Now, with only torch_geometric.datasets.DBP15K, a green horn(just like me) cannot know what it is. So, IN MY OPINION, I think it might be better to distinguish the datasets, with different usage. For example, ModelNet can be represented as: torch_geometric.datasets.pointcloud.ModelNet and so on.

Appendix: comparison about torchvision.datasets

As the official extension of pytorch, torchvision can be a reference of our repo. Since torchvision is focusing on problems on images, and the datasets is really well-known to nearly all people who is involved in Deep Learning, then torchvision.datasets do not extinguish the datasets. (for example, even MNIST is [1, 28, 28] and CIFAR10 is [3, 32, 32], with different number of channels. (Here, I use \[C, H, W\] to represent the shape.

3. torch_geometric.contrib (or, pyg_contrib)

As we can see, feature requeset is really a hard thing. Sometimes, the requesters do have the ability to add it. however, (perhaps at most time, i think), we just mention it.
What’s more, new ideas can be infinity, and we cannot push all the ideas and their implementations into master branch. So… Why not have a contrib, like TensorFlow.

what i think about contrib

for example, graph densenet mentioned in DeepGCNs: Can GCNs Go as Deep as CNNs? is really a good idea in pointnet segmentation. And the author opened the code (PyTorch Geometric implementation) in GitHub.

Here, I think a general steps of using pyg_contrib: (take his repo(code) for example):

graph densenet
  1. his github repo(code) -> pyg_contrib (or, feature request: prototype code -> pyg_contrib), -> denotes push
  2. discussed and modified (to make it much better) in pyg_contrib, by EVERYONE WHO WANTS TO INVOLVED WITH IT. Of course, a roadmap, or, a kanban is really needed here. (kanban is provided by github)
  3. if it is really good, or, really needs to be maintained , add it to pyg; if not, remove(deprecate) it from pyg_contrib.

(added in 2019.09.25)

pyg_contrib.datasets wiki dataset, and linqs dataset

wiki dataset linqs dataset (datasets provided by LINQS group) https://linqs.soe.ucsc.edu/data and there are some datasets about social relationships. I think this can be a good example to contrib.

conclusion of pyg_contrib

As mentioned before, new thoughts can be infinity. And contrib can never include all datasets. What PyG can do is to set a standard, giving some examples, and implement some of the frequently-used algorithms (for example, GCN).

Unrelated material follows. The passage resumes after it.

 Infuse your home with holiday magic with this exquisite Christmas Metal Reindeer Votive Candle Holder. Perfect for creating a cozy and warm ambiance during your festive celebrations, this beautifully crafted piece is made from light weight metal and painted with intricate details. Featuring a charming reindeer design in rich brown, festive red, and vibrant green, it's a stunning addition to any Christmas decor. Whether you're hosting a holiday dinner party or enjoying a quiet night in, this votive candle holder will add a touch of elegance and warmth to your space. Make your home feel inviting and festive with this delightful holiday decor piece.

datasets written in tutorial only has the base_class’s code, without an implementation, or, an example of “how to DIY”.

externel resources provided by Steeve Huang is a good PyG tutorial, but… I just feel that only with 2 jupyter notebooks of just “using” PyG (as mentioned in his readme.md) perhaps… (And of course, device also counts: DL on graphs can be a little easier, compared with DL on Images. 2-layers’GCN network can run relatively-fast on node classification on Cora Dataset, only with an Intel Core i7-3540M. With Intel Core i7-8700, Core i7-8750M, and with GPU, it can be much much faster. (Point Cloud mission do need GPU…) I think that most of the code in tutorial can be run on CPU (fast).

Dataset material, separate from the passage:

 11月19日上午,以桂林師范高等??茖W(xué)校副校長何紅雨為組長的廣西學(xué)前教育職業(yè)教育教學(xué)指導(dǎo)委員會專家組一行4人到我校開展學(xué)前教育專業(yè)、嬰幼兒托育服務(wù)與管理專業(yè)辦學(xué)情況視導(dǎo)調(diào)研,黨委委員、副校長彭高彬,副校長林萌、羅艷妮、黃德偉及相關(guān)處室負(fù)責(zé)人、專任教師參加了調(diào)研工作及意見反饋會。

4. torch_geometric.io (I have mentioned it)

I have mentioned that. read and write the files (especially point cloud files, .ply, .off files)

5. functional support, i.e. torch_geometric.nn.functional

mentioned in a previous issue. we can use functional to create(or, to test) nearly all kinds of structures. (most time, for fun).
for example, initialization can be tested. (although as we all know, kaiming_uniform can be a good choice when the input is an image, but…), and I know that reset_parameters can be a solution when the parameters needs to be modified. but i do not think it is that convinent. If a weight is assigned, and just use x, edge_index and weight to compute, like that in torch.nn.functional.conv2d, it can be really a nice thing.

6. torch_geometric.visualization

visualization is really a big job. NOT ONLY the curves, t-SNE, … GRAPH itself should be considered. A colormap can show us the importance of each node. (color the node with colormap, just like heatmap in image(feature map)), why not in visdom? ( I know that matplotlib’s plots can be viewed in visdom, and we can use networkx.draw() to plot a graph, so… it might be possible to use visdom (I do not do deep research and test, just show the possibility of using visdom)

example and code. example: image

code:

import numpy as np
import matplotlib.pyplot as plt
import networkx as nx
import visdom as vis

g = nx.karate_club_graph()
fig = plt.figure()
nx.draw_circular(g, with_labels=True, node_color='#66CCFF')  # NOTE(wmf): you can write anything you like.  

vis_env = vis.Visdom()
vis_env.matplot(fig)  # sorry, only this works... 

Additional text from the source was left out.